Exercise materials below:
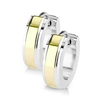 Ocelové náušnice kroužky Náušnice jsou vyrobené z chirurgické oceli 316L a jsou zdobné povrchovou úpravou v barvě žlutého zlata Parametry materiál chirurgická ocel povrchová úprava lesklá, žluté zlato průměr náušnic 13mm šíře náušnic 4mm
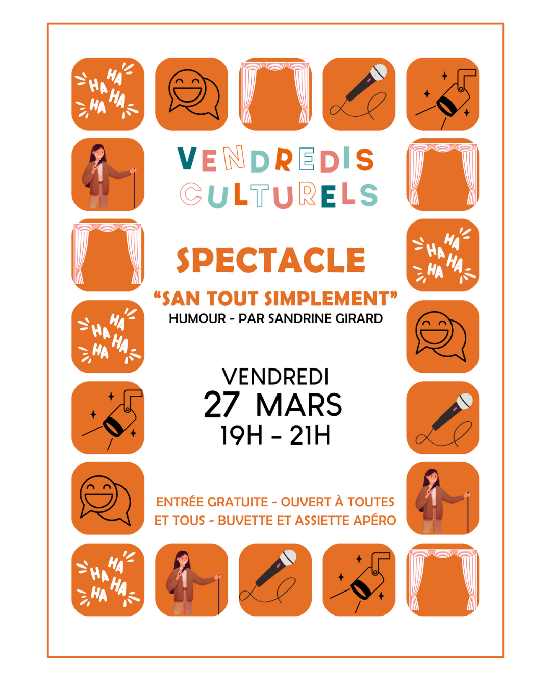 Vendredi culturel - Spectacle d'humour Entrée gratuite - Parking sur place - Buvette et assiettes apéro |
End of Exercise materials.
Exercise materials below:
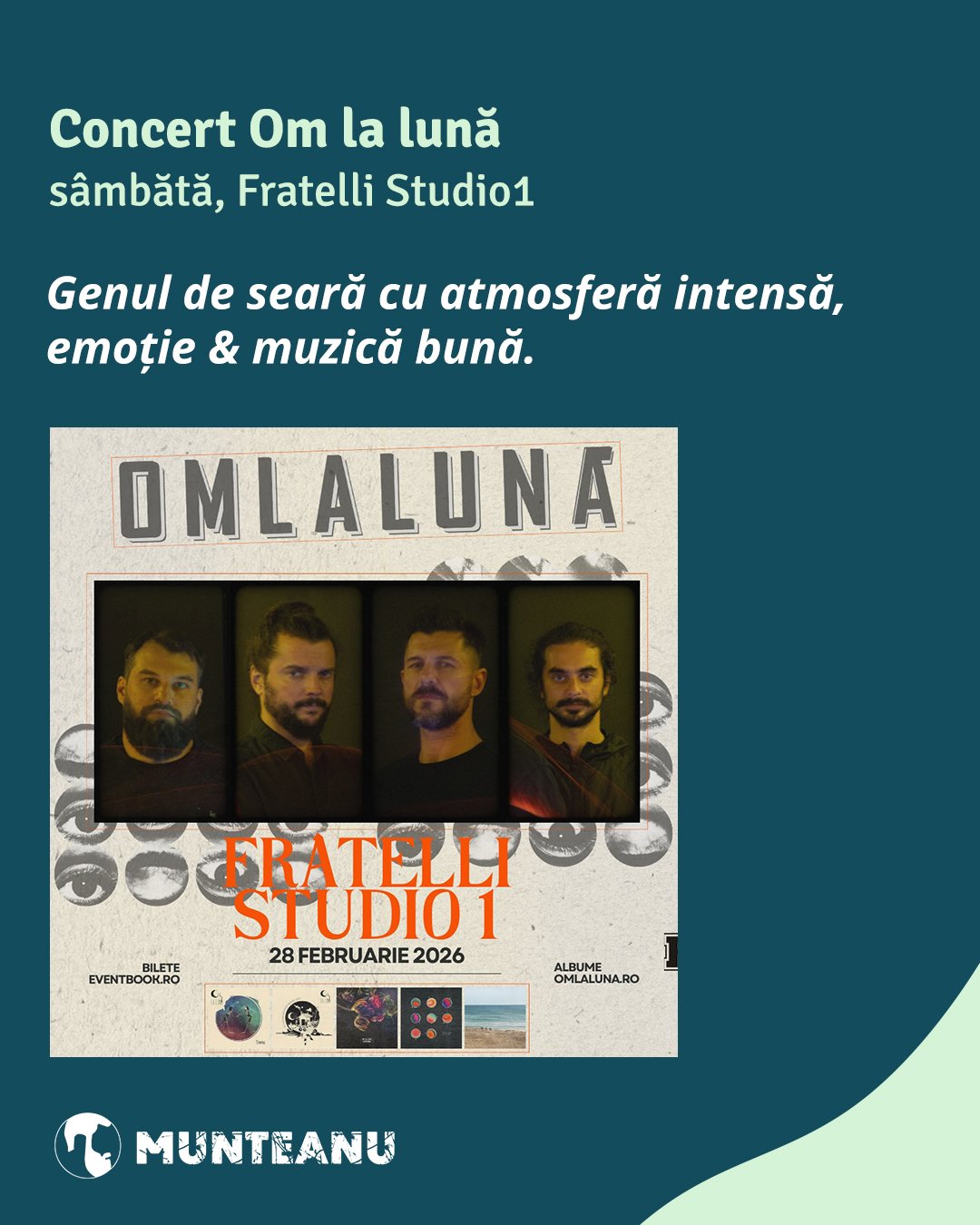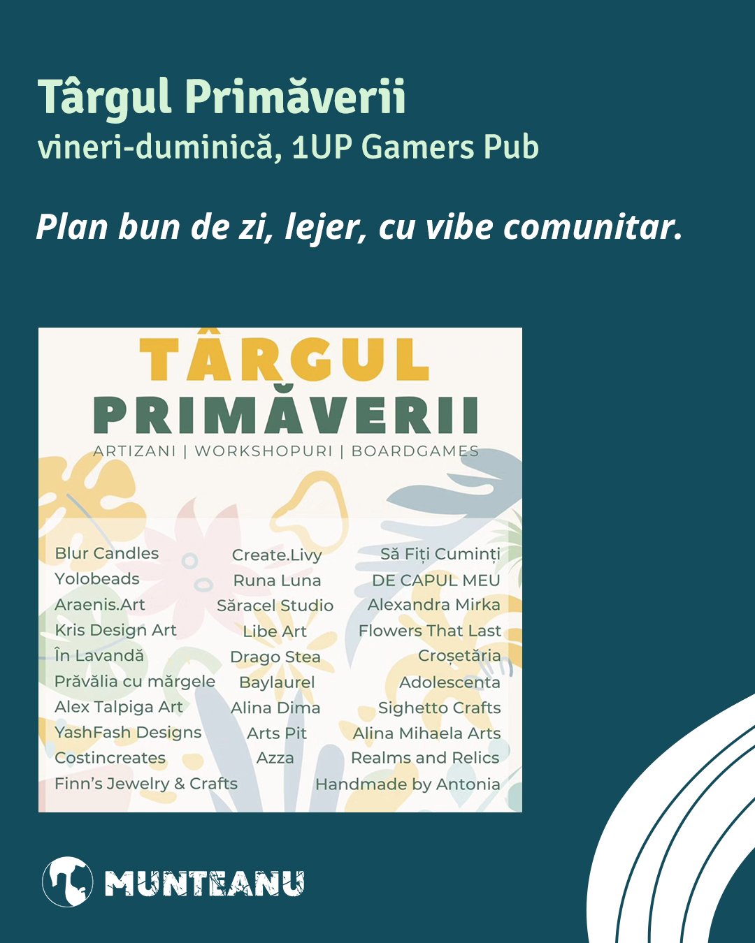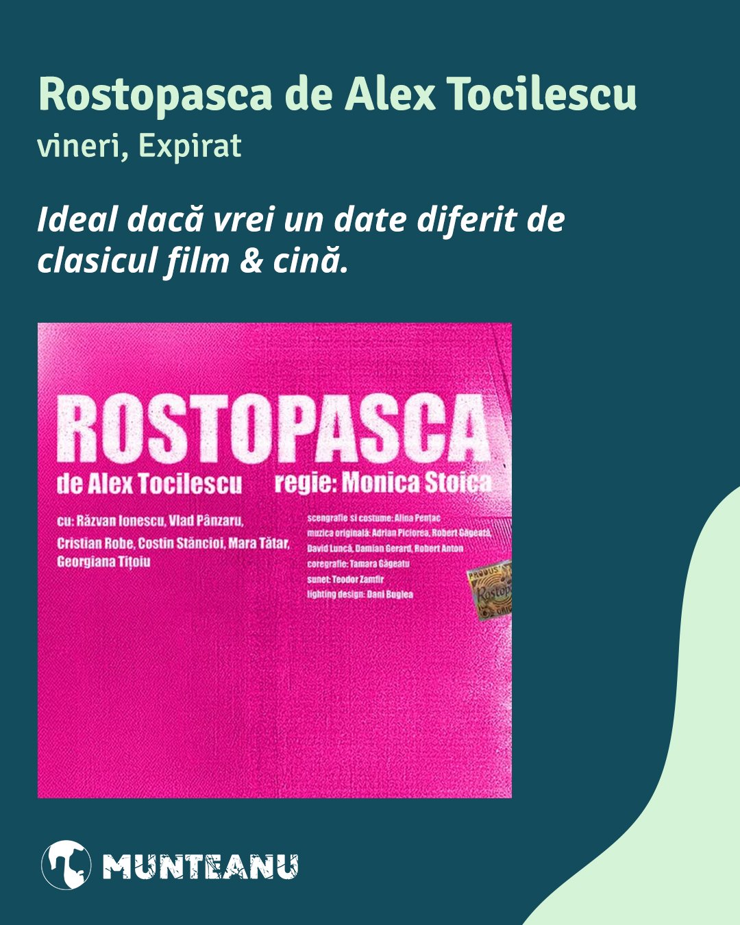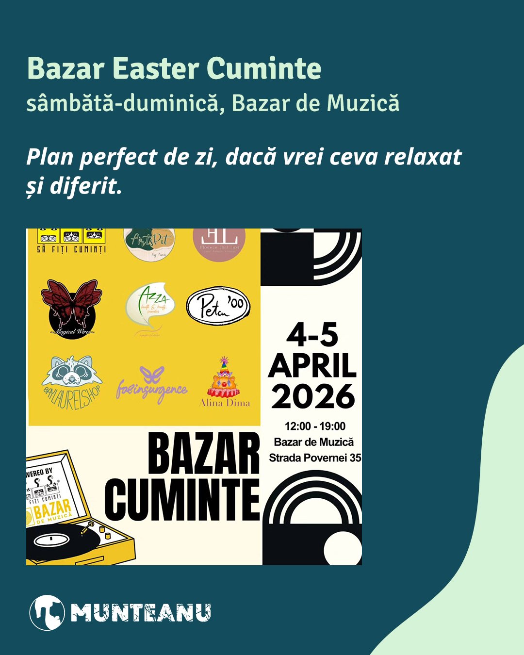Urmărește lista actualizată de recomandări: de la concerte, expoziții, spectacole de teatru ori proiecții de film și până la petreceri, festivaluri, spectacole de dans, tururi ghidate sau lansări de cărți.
End of Exercise materials.
Exercise materials below:
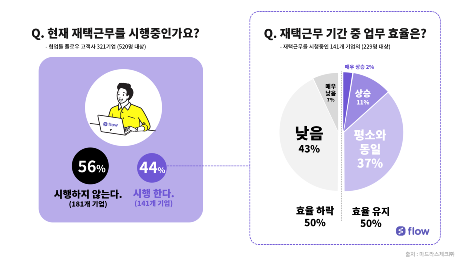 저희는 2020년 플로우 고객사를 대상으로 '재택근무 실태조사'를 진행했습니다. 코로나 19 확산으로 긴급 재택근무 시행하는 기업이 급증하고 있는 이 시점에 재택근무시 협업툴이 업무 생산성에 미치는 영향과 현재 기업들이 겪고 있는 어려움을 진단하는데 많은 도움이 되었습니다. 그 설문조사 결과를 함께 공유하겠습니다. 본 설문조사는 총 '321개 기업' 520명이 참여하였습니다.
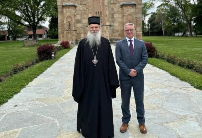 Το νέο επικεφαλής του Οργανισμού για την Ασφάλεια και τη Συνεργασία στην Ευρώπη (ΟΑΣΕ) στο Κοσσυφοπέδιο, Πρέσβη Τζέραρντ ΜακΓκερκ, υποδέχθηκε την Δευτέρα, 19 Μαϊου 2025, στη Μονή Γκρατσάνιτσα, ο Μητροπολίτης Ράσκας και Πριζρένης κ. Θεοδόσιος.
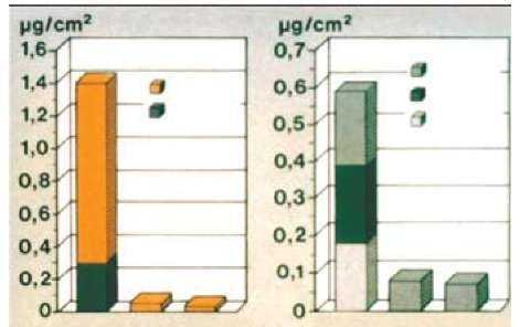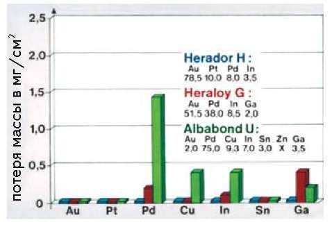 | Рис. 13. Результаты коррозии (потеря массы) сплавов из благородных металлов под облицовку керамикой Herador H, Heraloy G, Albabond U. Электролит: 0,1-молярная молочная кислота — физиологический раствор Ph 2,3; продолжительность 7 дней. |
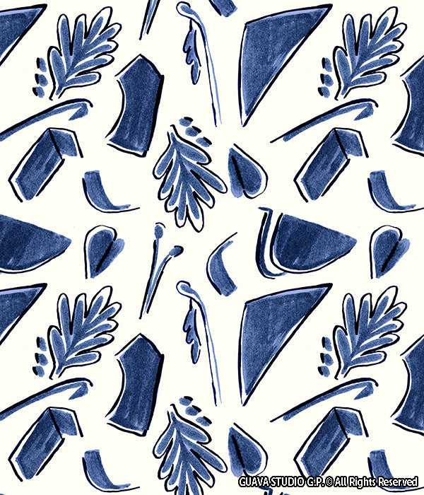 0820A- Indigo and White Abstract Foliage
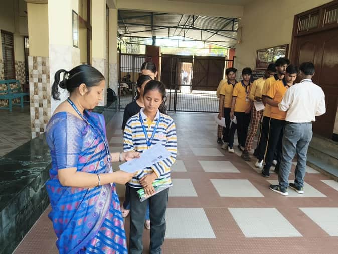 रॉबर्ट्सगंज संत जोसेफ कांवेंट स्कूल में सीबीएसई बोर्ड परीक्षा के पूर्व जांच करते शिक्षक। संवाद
End of Exercise materials.
Requirement
In the listing above, find the line with "0820A- Indigo and White Abstract Foliage" and the line with "रॉबर्ट्सगंज संत जोसेफ". Transcribe those two and everything between, exactly, leaving out pictures.

Reply to the exercise
 0820A- Indigo and White Abstract Foliage
 रॉबर्ट्सगंज संत जोसेफ कांवेंट स्कूल में सीबीएसई बोर्ड परीक्षा के पूर्व जांच करते शिक्षक। संवाद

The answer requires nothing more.